BEGIN INPUT DATA

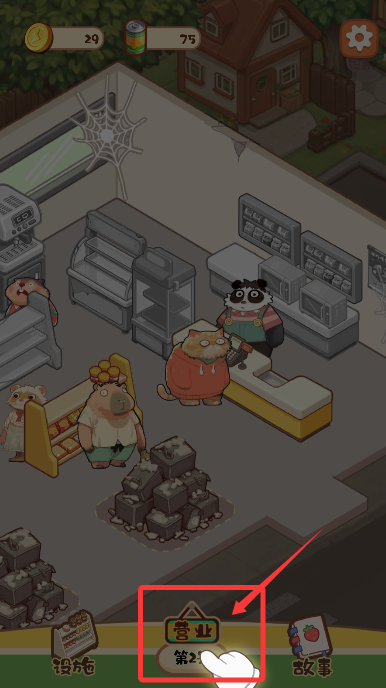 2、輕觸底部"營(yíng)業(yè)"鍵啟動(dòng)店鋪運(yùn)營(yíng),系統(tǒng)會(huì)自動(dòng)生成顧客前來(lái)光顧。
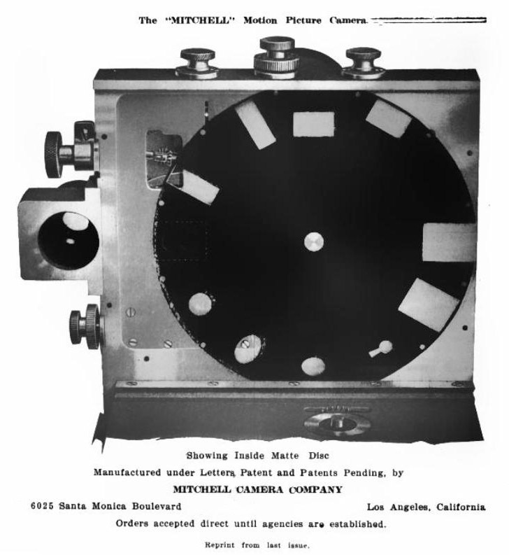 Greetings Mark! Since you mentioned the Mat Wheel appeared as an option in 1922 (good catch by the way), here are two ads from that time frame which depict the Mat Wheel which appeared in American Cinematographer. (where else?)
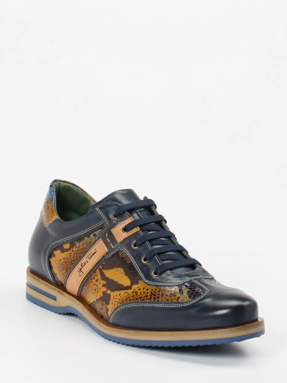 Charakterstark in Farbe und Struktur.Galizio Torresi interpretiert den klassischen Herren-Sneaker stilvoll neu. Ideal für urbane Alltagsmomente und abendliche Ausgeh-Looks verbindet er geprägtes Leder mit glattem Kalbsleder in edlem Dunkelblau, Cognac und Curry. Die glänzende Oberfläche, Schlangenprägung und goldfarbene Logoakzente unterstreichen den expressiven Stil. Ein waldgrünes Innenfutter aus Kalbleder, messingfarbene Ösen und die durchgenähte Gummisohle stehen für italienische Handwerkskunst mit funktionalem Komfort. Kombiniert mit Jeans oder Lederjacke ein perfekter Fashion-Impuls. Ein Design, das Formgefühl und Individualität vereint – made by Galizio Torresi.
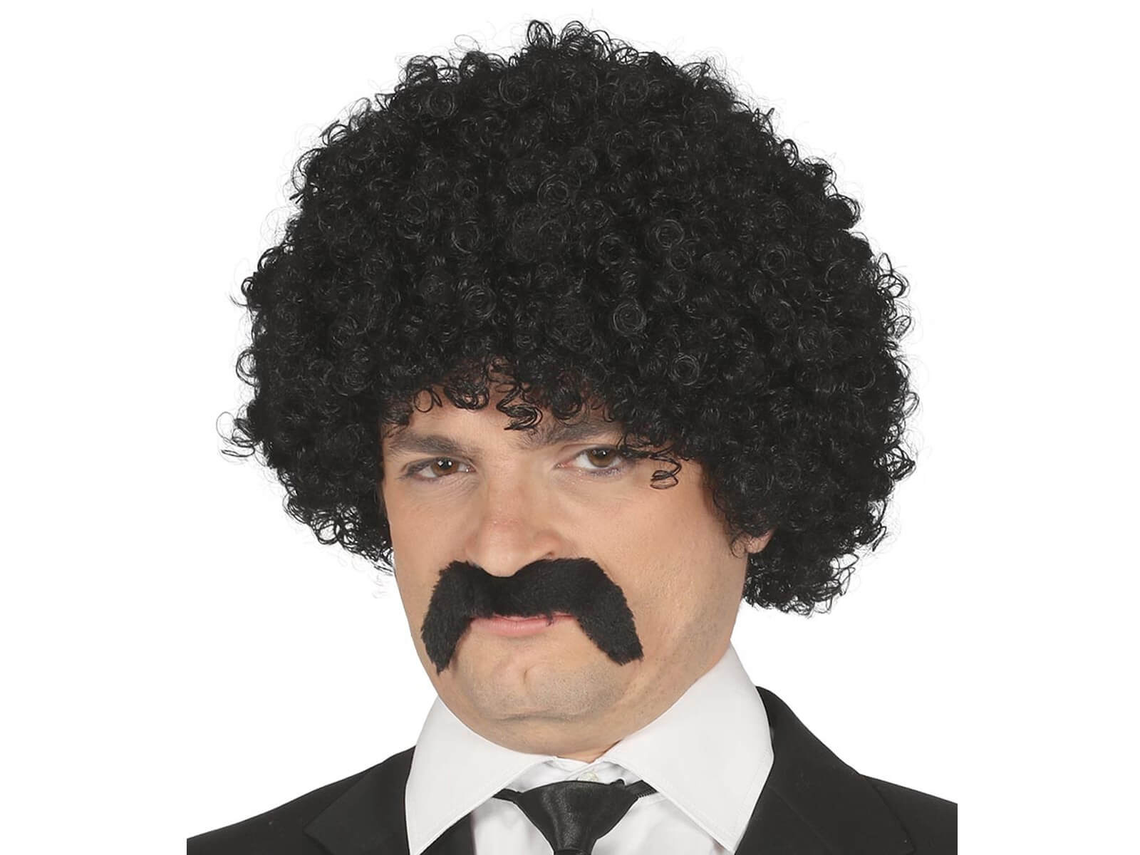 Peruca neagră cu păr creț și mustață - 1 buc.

END INPUT DATA

▶ _WHAT TO PRODUCE_
Word for word, retype the lines from the one that contains "Charakterstark in Farbe" through the final line of the data, both ends included, excluding pictures.

▶ _ANSWER TO THIS TASK_
 Charakterstark in Farbe und Struktur.Galizio Torresi interpretiert den klassischen Herren-Sneaker stilvoll neu. Ideal für urbane Alltagsmomente und abendliche Ausgeh-Looks verbindet er geprägtes Leder mit glattem Kalbsleder in edlem Dunkelblau, Cognac und Curry. Die glänzende Oberfläche, Schlangenprägung und goldfarbene Logoakzente unterstreichen den expressiven Stil. Ein waldgrünes Innenfutter aus Kalbleder, messingfarbene Ösen und die durchgenähte Gummisohle stehen für italienische Handwerkskunst mit funktionalem Komfort. Kombiniert mit Jeans oder Lederjacke ein perfekter Fashion-Impuls. Ein Design, das Formgefühl und Individualität vereint – made by Galizio Torresi.
 Peruca neagră cu păr creț și mustață - 1 buc.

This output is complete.